Successful AI car driving could be evaluated by the increased safety of driving (the great hope) and the social acceptability of AI (successful crossing of the valley of the uncanny). But such success is still task specific. How would know we had successful AGI if/when we created it? It would nothing like human intelligence, which is shaped not only by information processing, but by embodiment and the emotions central to human existence. Empathy, love, grief, fear, anger, and our other emotions don’t just shape what we know but shape how we value and how we act with what we know. Both physical and emotional pain set the crucial stakes for our learning. AI cannot be fully imbued with these attributes—even if we could make failure in some sense physically painful for the AI, emotional pain, the far more potent teacher, is out of reach for AI. We are not even clear on how it works in humans to model it properly.
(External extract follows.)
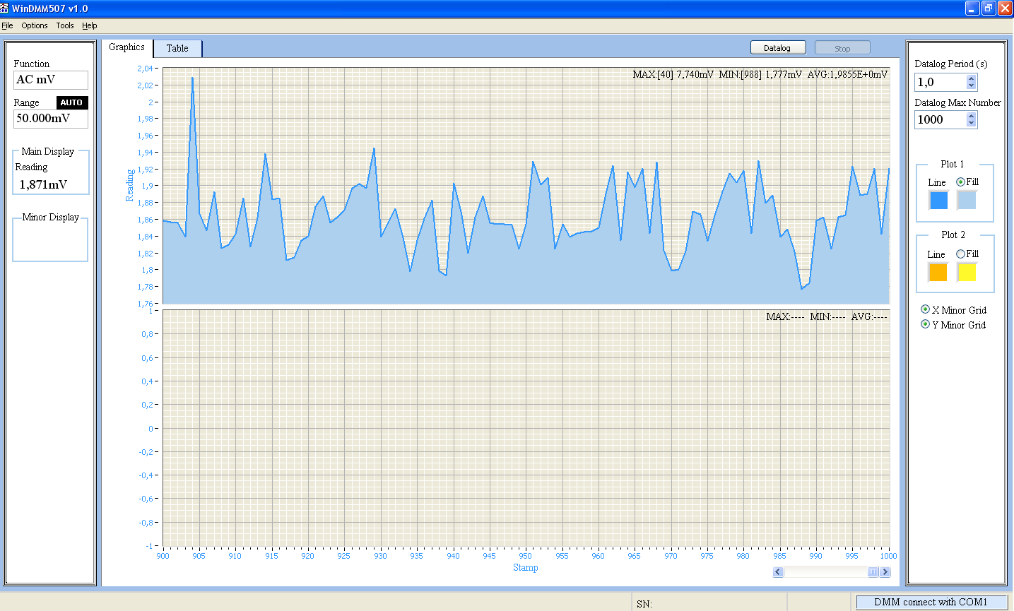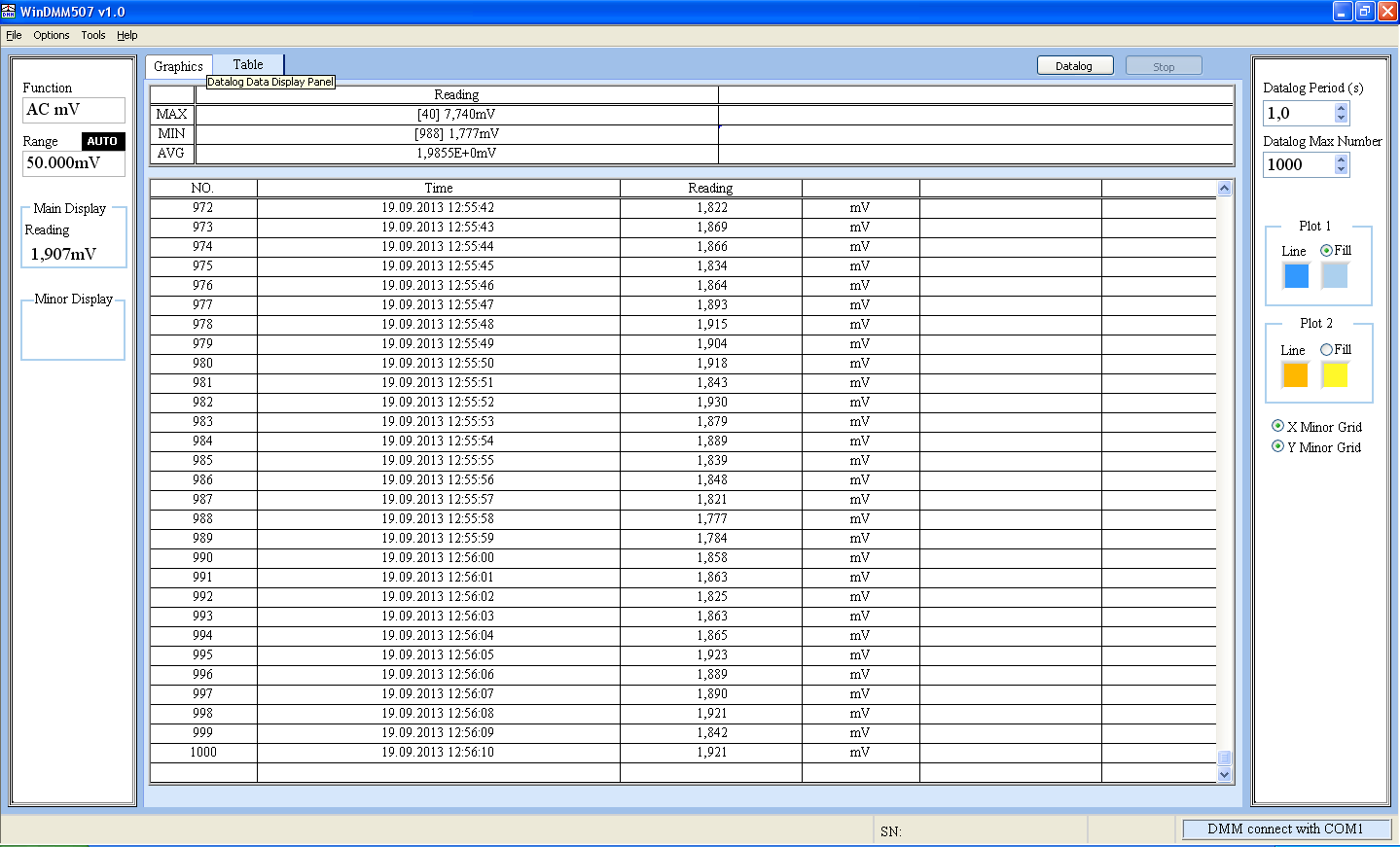 - Документирование. Возможности документирования характеризуются возможностью записи результатов измерений во внутреннюю память прибора (100 ячеек) или передаваться на ПК для подготовки отчетов. При помощи штатной программы WinDMM507 возможно осуществлять он-лайн регистрацию данных, записывать данные в таблицу, строить график изменения параметра во времени, экспортировать отсчеты в формат Excel.

So AGI cannot be like human intelligence. Its generality cannot be tied to the potency of human stakes, including the fact of human mortality and human vulnerability. We set the stakes for AI with task specific applications, and so can train such limited application AI. Such stakes for AGI are irreducibly murky or out of reach.
This raises the question of why then pursue AGI? Recall we don’t have to; no scientist has to. Task specific AI is useful. What would an AGI utterly different from our own intelligence do for us?
Such reflection clarifies what we should be asking at this point. Why should we pursue AGI? Just because we can is not an adequate answer.
And if we do pursue it, how might such pursuit be done responsibly? What would count as success for an AGI (recognizing it will not be like us)? And should we ever allow it to have access to controlling real things in the real world (like cars, packages, airplanes, etc.)? An AGI that controls nothing in the world but serves as an unusual interlocutor for humans might be interesting, but it is not even clear it would be helpful, as it would not be aligned with what is important to us. Why have this kind of thing around?
The development of AGI is up to us as intelligent human actors. We make these choices, and we should make them asking the right questions.
Future Fund should be grappling with these questions, and questions of how to assist scientists making choices about what to pursue and how to pursue it. Societal responsibility in science is now an endemic feature of scientific research. How to grapple well with this responsibility is something worth incentivizing, not how to change minds about probabilities of future events.